Aecom (ACM)
Dividend Opportunity — Ex-Date Wednesday, January 7, 2026
Trade Timeline
Risk Factors
- •Low absolute edge: Expected 0.95% return and 0.224% average capture yield are modest and can be easily offset by a small adverse price move, especially with a 14-day ATR of $1.97 (~2% of price).
- •Mixed historical signals: While the recommended 1d/14d strategy has a 68.8% win rate (sample size 16), other nearby windows show weak or negative results (e.g., Buy 1d / Sell 1d at -0.50% with only 37.5% win rate).
- •Negative momentum: 5-day momentum slope is slightly negative at -0.0230% per day and 20-day slope is also negative at -0.0025% per day, which does not align with the ideal positive momentum setup for a capture trade.
- •Limited robustness: All key stats are based on a small historical sample (16 observations), which can overstate the reliability of the 0.95% expected return and 68.8% win rate.
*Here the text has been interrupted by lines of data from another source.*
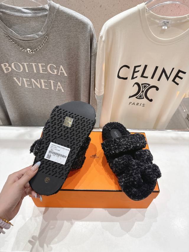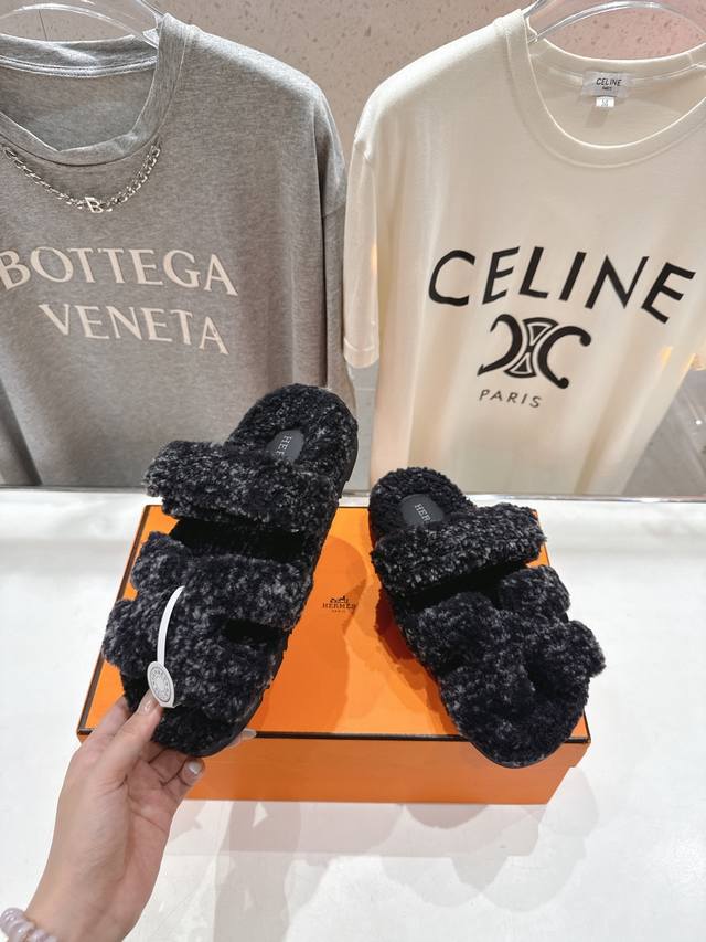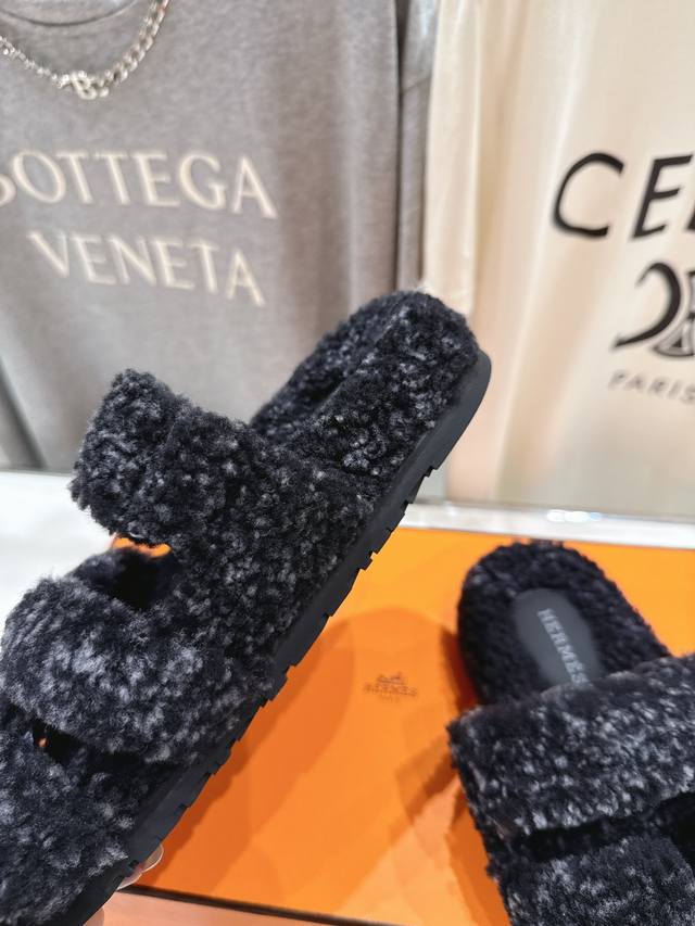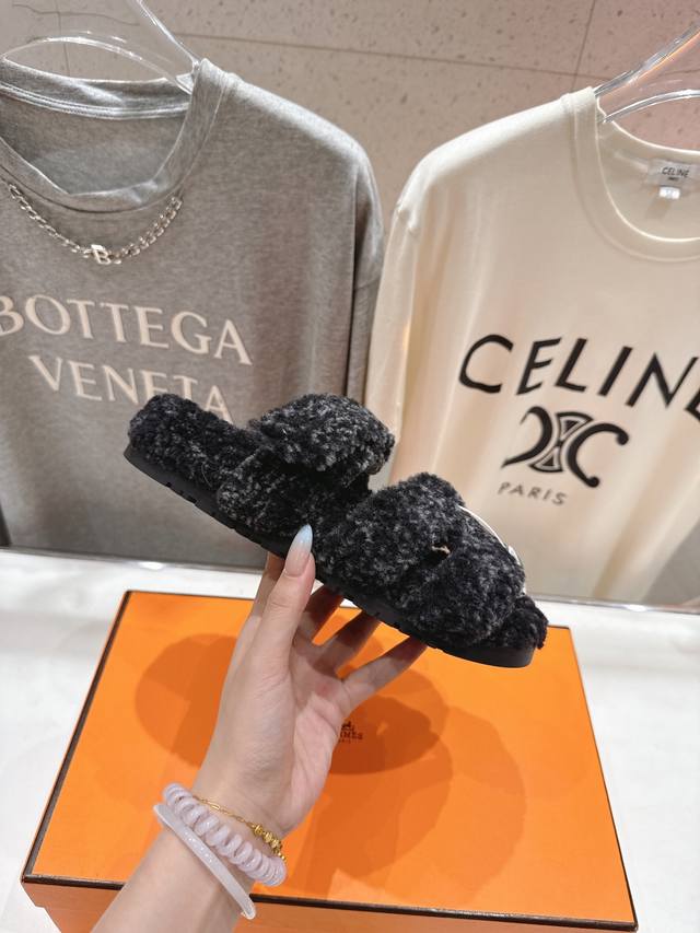 Hermes 爱马仕H家又一款让你完全Hold不住钱包的大爆款,情侣款二舅毛毛拖
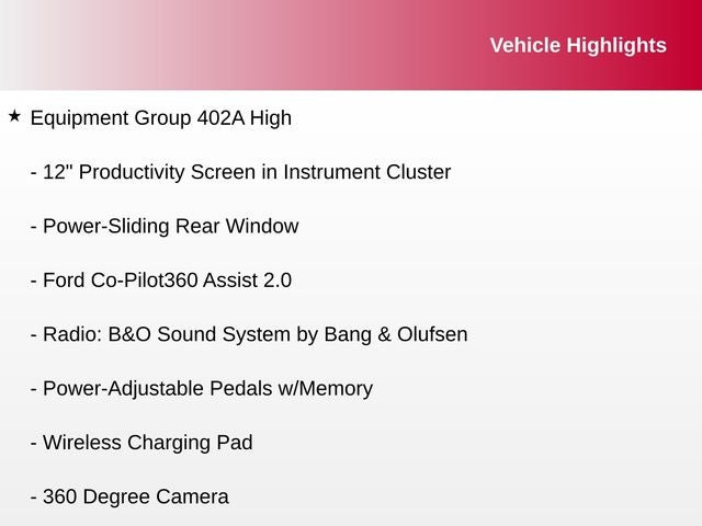 12 Productivity Screen in Instrument Cluster, 2nd Row Heated Seats, 360 Degree Camera, ABS brakes, Advanced Security Pack, Alloy wheels, Compass, Electronic Stability Control, Equipment Group 402A High, Ford Co-Pilot360 Assist 2.0, Front dual zone A/C, Heated door mirrors, HEATED FRONT SEATS, Heated Steering Wheel, Illuminated entry, LED Projector w/Dynamic Bending Headlamps, Low tire pressure warning, Power Glass Sideview Mirr w/Body-Color Skull Caps, Power Tilt/Telescoping Steering Column w/Memory, Power-Adjustable Pedals w/Memory, Power-Sliding Rear Window, Pro Trailer Backup Assist & Pro Trailer Hitch Assist, Radio: B&O Sound System by Bang & Olufsen, Rain-Sensing Wipers, Remote keyless entry, Traction control, Twin Panel Moonroof, Unique Tremor Leather-Trimmed Bucket Seats, Universal Garage Door Opener, Wireless Charging Pad.
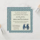 A cute wedding invitation that features a penguin couple holding hands. A blue and white checked border surrounds the invitation. Great for a whimsical couple.

- •Execution and timing risk: With LOW overall confidence and Tier 3 classification, any broader market pullback or stock-specific news around the ex-date could overwhelm the historical pattern and delay or prevent recovery despite the 100% gap-fill rate in past samples.
Action Checklist
- 1.Clarify your objective: only pursue this if you are specifically targeting short-term dividend capture, not long-term dividend income.
- 2.If proceeding, set a limit-buy plan for entering about 1 trading day before ex-dividend (around 2026-01-06), respecting recent price action and the slightly negative momentum.
- 3.Size the position conservatively, assuming only a modest statistical edge (0.95% expected return, 68.8% win rate, sample size 16) and daily volatility around $1.97.
- 4.Define a base-case exit 14 trading days after ex-dividend, consistent with the Buy 1d / Sell 14d historical strategy and the ~11.6 average recovery days.
- 5.Pre-plan risk controls: decide a maximum loss threshold or time-based exit if the post-dividend price fails to recover within roughly 2–3 weeks.
- 6.Monitor for news and market conditions around the ex-date that could invalidate historical patterns (e.g., earnings, guidance changes, macro shocks).
- 7.For long-term portfolios, deprioritize $ACM as a dividend holding given its low yield, Tier 3 quality, and weak long-term score; focus instead on stronger, higher-yield names.
| Strategy | Avg Return | Win Rate | Historical Events |
|---|---|---|---|
14-Day HoldBest Buy 1 day before ex-date, sell 14 days after | +0.95% | 69% | 16 ex-dates |
Buy 14D, Sell 7D After Buy 14 days before ex-date, sell 7 days after | +0.17% | 56% | 16 ex-dates |
Classic Capture Buy 1 day before ex-date, sell 7 days after | +0.22% | 44% | 16 ex-dates |
Same-Day Buy 1 day before ex-date, sell 1 day after | -0.50% | 38% | 16 ex-dates |
Quick Capture Buy 7 days before ex-date, sell 1 day after | -0.61% | 38% | 16 ex-dates |
* Returns include dividend capture yield plus price change. Past performance does not guarantee future results.
Aecom ($ACM) offers a small upcoming dividend ($0.31, 1.27% forward yield) but scores poorly for long-term dividend quality (Quality Score 35/100, Tier 3, Long-Term Score 35/100). The best historical dividend capture setup is buying 1 day before ex-date and selling 14 days after, with a 0.95% average return and 68.8% win rate, but the edge is modest, momentum is slightly negative, and confidence is low.
This analysis is for informational purposes only and is not financial advice. Past performance does not guarantee future results. Always conduct your own research before making investment decisions.